# DATASET
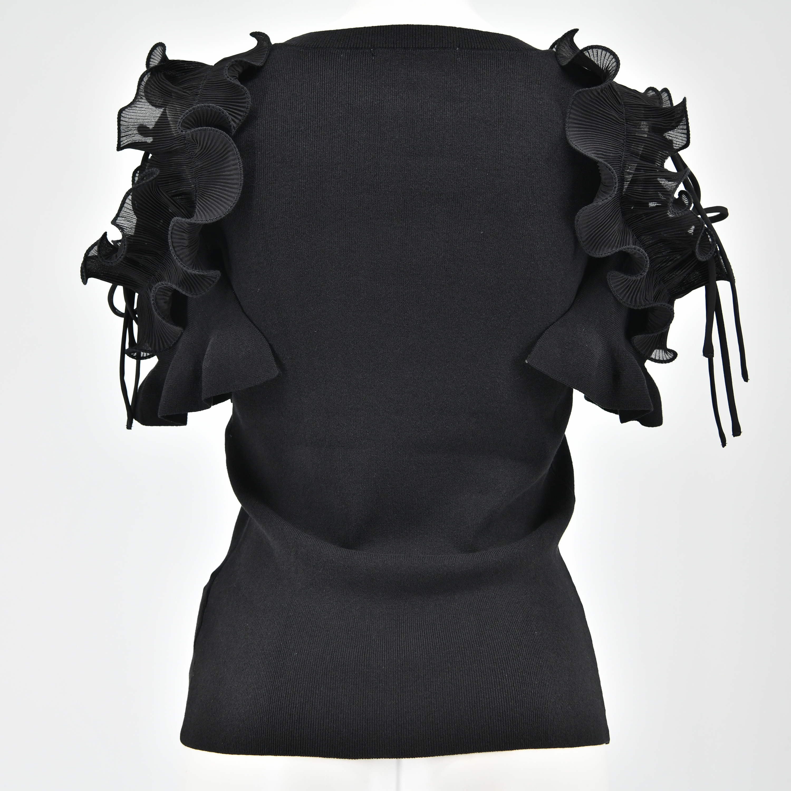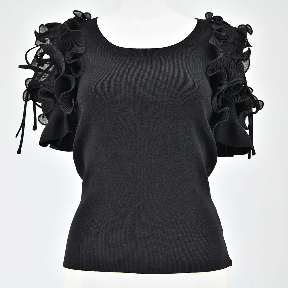 「SNIDEL」定番のシアーフリルニットが今季も登場。袖のフリルはシフォンプリーツを贅沢にあしらい、華やかかつエレガントな装いを実現しました。アーム部分には2本のリボンでアクセントを添え、フェミニンなルックスの中に程良いモード感をプラス。肩幅が広く見えないようフリルを内側に入れ、アメリカンスリーブのようにカットしたショルダーラインもポイントです。
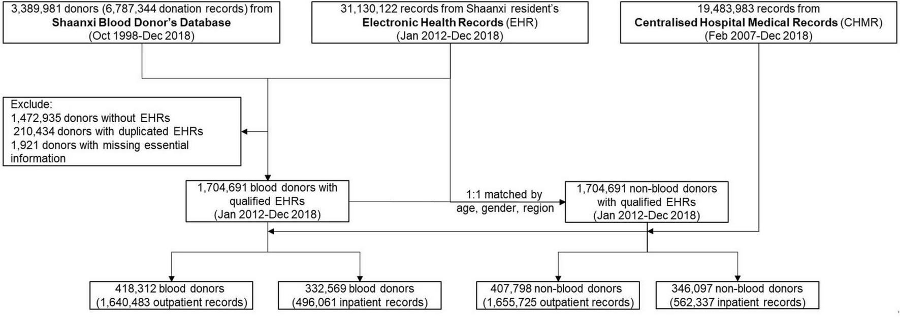 A total of 3.4 million adults, with an equal number and identical demographic characteristics (year of birth, sex and location of residence) of blood donors and non-blood donors, were enrolled on 2012. The one-to-one matching was conducted through a repeated random selection of individuals without any history of blood donation from the Shaanxi Electronic Health Records. The cohort has been so far followed up to the end of 2018, summing to nearly 24 million years of follow-up. The cohort will be followed up prospectively every 3 years until 2030.
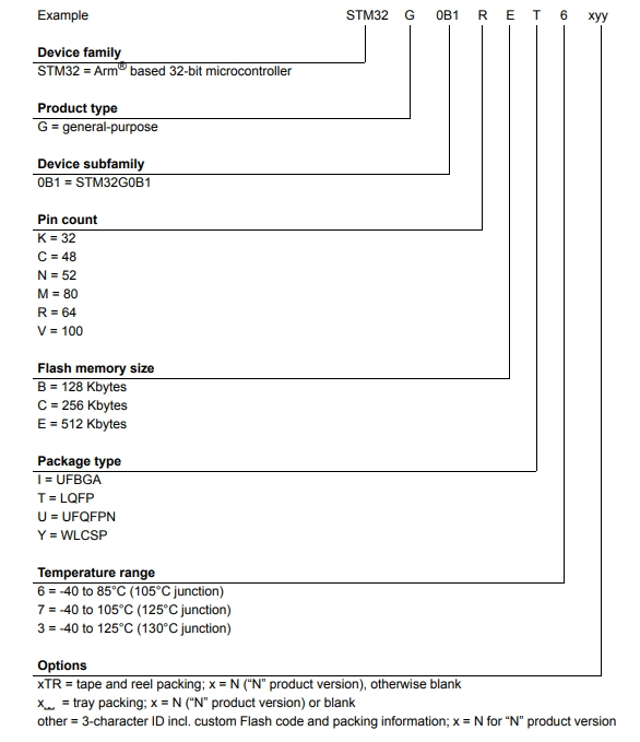 意法半導體STM32G0B1VET6的型號解釋圖
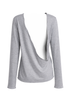 Long-sleeve jersey top with raw-cut edges and an asymmetrical back opening.
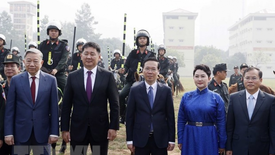 VOV.VN - Tổng thống Mông Cổ, Chủ tịch nước Võ Văn Thưởng và các đại biểu đã chứng kiến phần trình diễn kỹ, chiến thuật chiến đấu của lực lượng Cảnh sát Đặc nhiệm, Cảnh sát Cơ động và đặc biệt là phần trình diễn của Lực lượng Cảnh sát Cơ động kỵ binh.
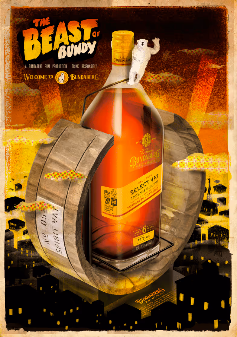 When it’s called ‘The Beast of Bundy’, you know it’s going to be big. Our job was to make it beautiful. A 4.5L bottle of Bundaberg Select Vat is hard to miss, and even harder to pour. To educate consumers about the extra craft that goes into making this premium rum — and the extra four years it spends in the vat — we created a physical representation of an actual Bundaberg Distilling Co. vat which cleverly functioned as a pouring cradle.
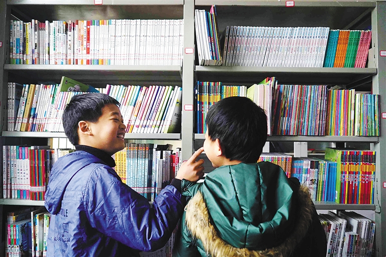 1月27日,在金溪县陆坊乡石溪村小学,两名男孩在图书室里挑选课外书。石溪村小学曾是金溪县教学条件最差的学校之一,自从与城区的仰山小学“结对子”创建教育发展共同体以来,学校建起了图书室,校园环境也得到改善。 为促进区域教育均衡发展,江西省金溪县近年来探索出创建教育发展共同体、校长教师交流轮岗制等新模式。一方面,将城区学校与农村薄弱学校结成“一对一”教育发展共同体。另一方面,建立教师交流激励机制,鼓励农村教师进城跟班学习,并规定城区获县级以上荣誉的优秀教师、骨干教师参与为期至少一年的“送教下乡”,这一系列新型发展模式使农村娃不必“挤破头”也能在家门口享受到更好的教学资源。 新华社发
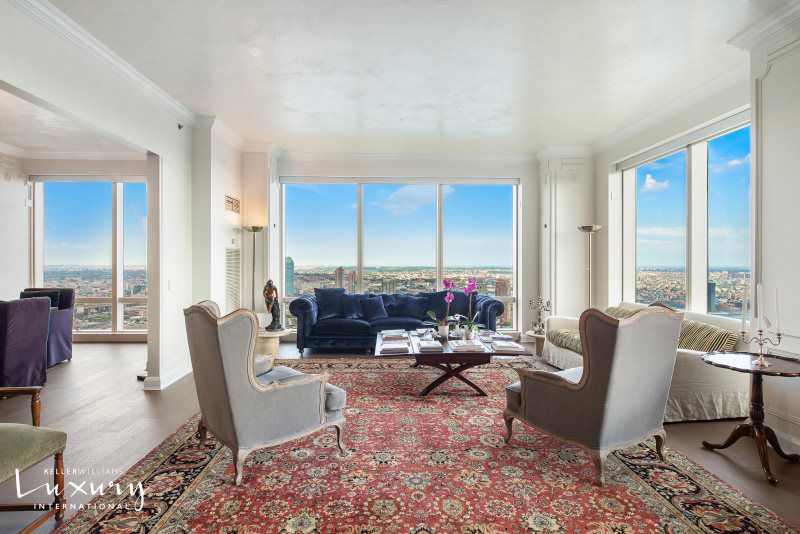 Breathtaking City and East River views abound from this spacious 3 bedroom, 3.5 bath residence on the 58th floor of Trump World Tower. This elegant, 2,857 sq. ft. (approx.) apartment in mint condition, occupies the southeast corner of the building, has sweeping dramatic views and receives excellent sunlight. It has a fantastic layout ideal for entertaining which features a large foyer, a spacious corner living room, a formal dining room, and a lovely windowed eat-in-kitchen with granite counters and GE Monogram appliances. The apartment also features a luxurious master bedroom with a master bath that includes a tub, stall shower and double sinks. Two additional bedrooms with en-suite baths, one of which can also serve as a library/den, a guest powder room, 10-foot ceilings, beautiful new hardwood floors and a washer/dryer round out this sophisticated space.
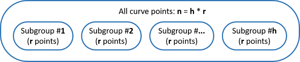 Some curves form a single cyclic group (holding all their EC points), while others form several non-overlapping cyclic subgroups (each holding a subset of the curve's EC points). In the second scenario the points on the curve are split into h cyclic subgroups (partitions), each of order r (each subgroup holds equal number of points). The order of entire group is n = h * r (the number of subgroups, multiplied by the number of points in each subgroup). The number of subgroups h holding the EC points is called cofactor.
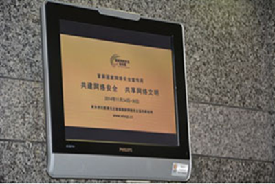 某大厦楼宇电视正在播放首届国家网络安全宣传周广告
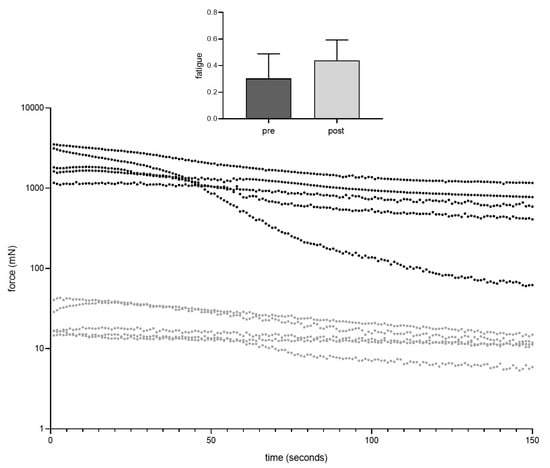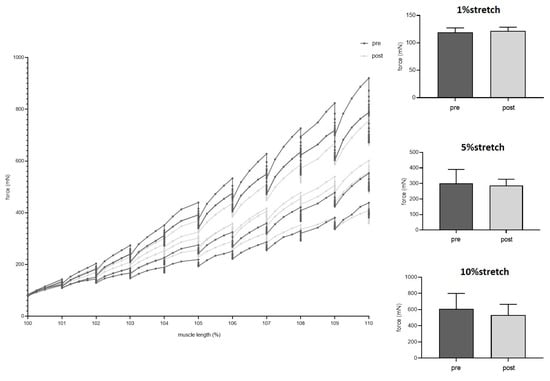 During fatigue testing, there was an obvious difference between pre and post transplantation groups (Figure 7). Nevertheless, fatigue index was similar between the two groups (p = 0.287). Passive stretch properties did not change after transplantation (Figure 8). For each % increase in length from 100–110%, contractile forces needed to maintain the respective length of the muscle did not differ between the two groups: 1% (p = 0.641), 2% (p = 0.707), 3% (p = 0.878), 4% (p = 0.832), 5% (p = 0.708), 6% (p = 0.631), 7% (p = 0.550), 8% (p = 0.437), 9% (p = 0.395), 10% (p = 0.323).
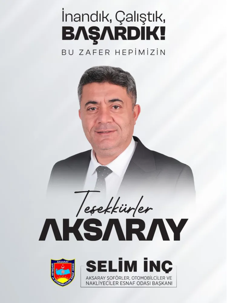 Başkan İnç, açıklamasının sonunda demokratik sürecin huzur ve güven içerisinde tamamlanmasına katkı sunan kurum ve kişilere de teşekkür etti. Aksaray Valiliği’ne, fedakârca görev yapan emniyet güçlerine, seçim kurulu görevlilerine, yarışa vizyon katan diğer adaylara ve süreci kamuoyuna doğru şekilde aktaran basın mensuplarına şükranlarını sundu.
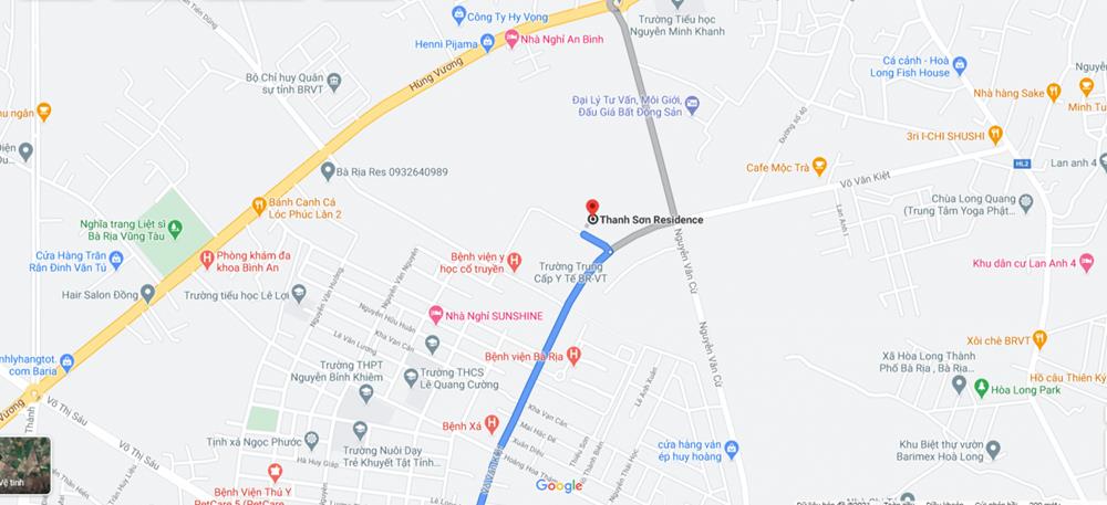 - Thanh Sơn Residence Bà Rịa có vị trí cực kỳ thuận lợi là mặt tiền đường Võ Văn Kiệt và Phan Đình Phùng sát cạnh với bệnh viện Tp Bà Rịa. Nơi quỹ đất hiếm còn lại ở trung tâm của thành phố.
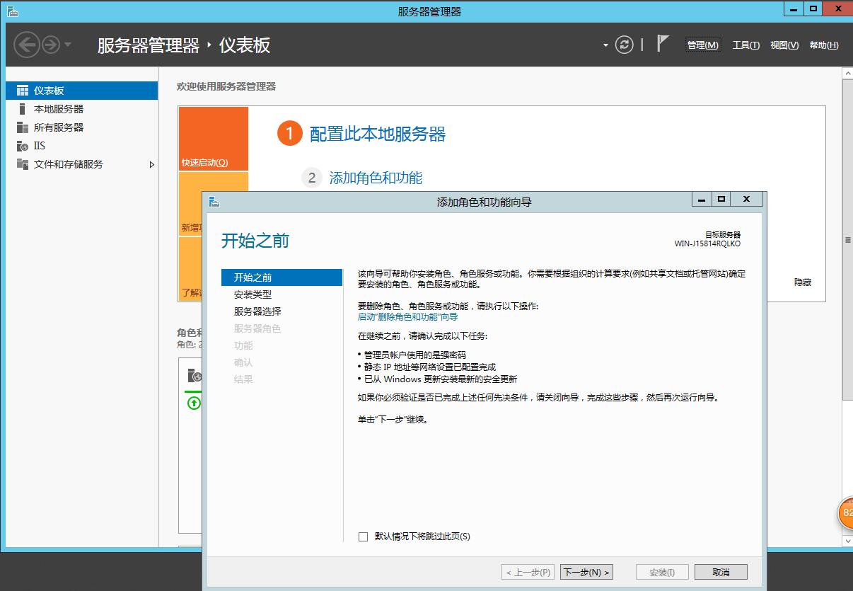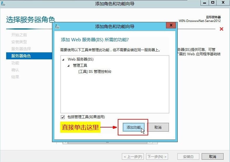 3、添加角色和功能,如上圖所示,然后出現(xiàn)下面界面,安裝下面界面一步步安裝提示安裝。
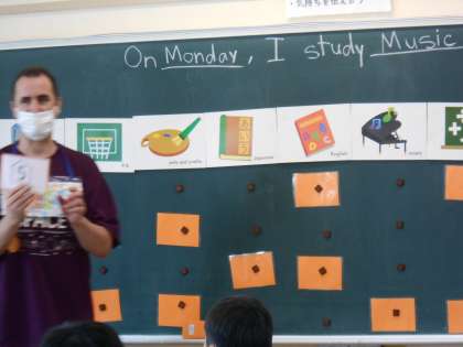 曜日の言い方と、教科の言い方を学習しました。その後、班ごとにポイントを集めるゲームをして、盛り上がりました。カードの裏にポイントが書かれていて、大きいポイントだったときは、大盛り上がりの4年生たちでした♪
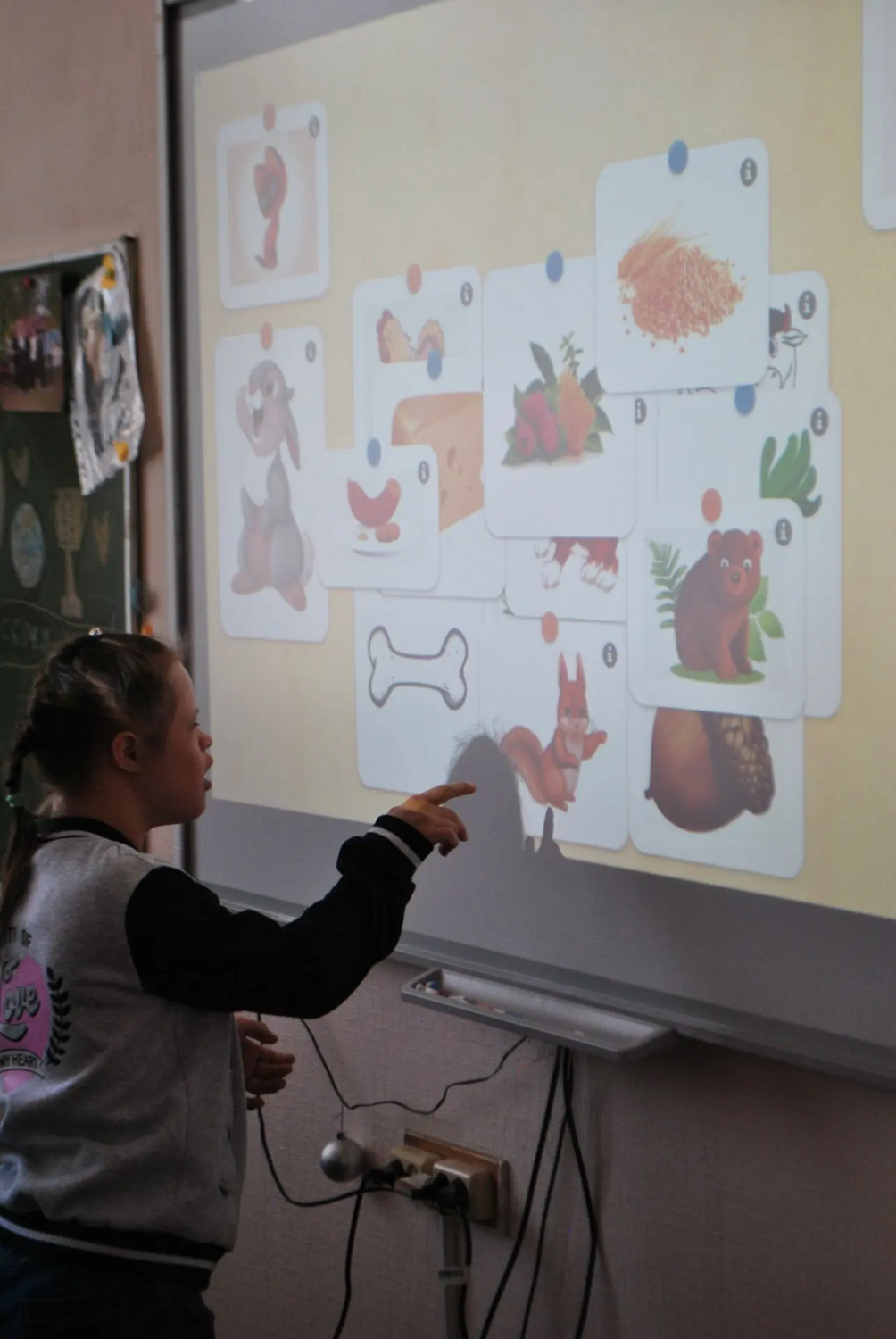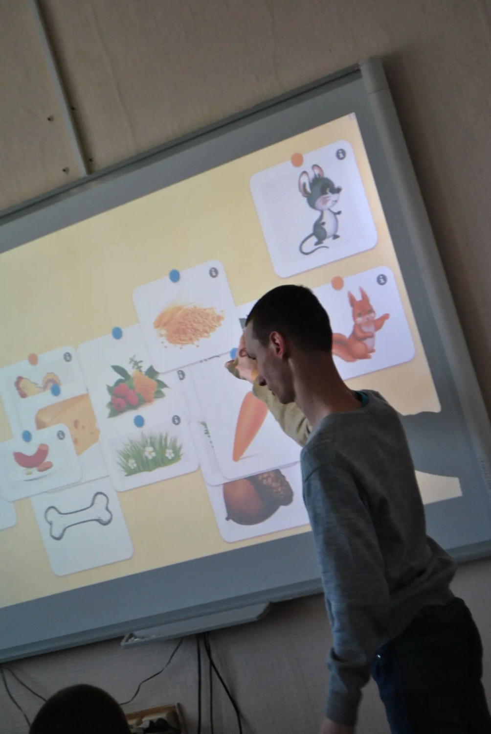 Начали с повторения теории — обучающиеся вспомнили, чем питаются животные, и закрепили материал с помощью интерактивного задания на доске. Такой подход помог быстро включиться в работу и настроиться на дальнейшую деятельность.

# EXERCISE INSTRUCTIONS
Please repeat the lines of the material above exactly, starting with the line that contains "Long-sleeve jersey top" and ending with the line that contains "VOV.VN - Tổng". Leave the pictures out.

# TASK RESPONSE
 Long-sleeve jersey top with raw-cut edges and an asymmetrical back opening.
 VOV.VN - Tổng thống Mông Cổ, Chủ tịch nước Võ Văn Thưởng và các đại biểu đã chứng kiến phần trình diễn kỹ, chiến thuật chiến đấu của lực lượng Cảnh sát Đặc nhiệm, Cảnh sát Cơ động và đặc biệt là phần trình diễn của Lực lượng Cảnh sát Cơ động kỵ binh.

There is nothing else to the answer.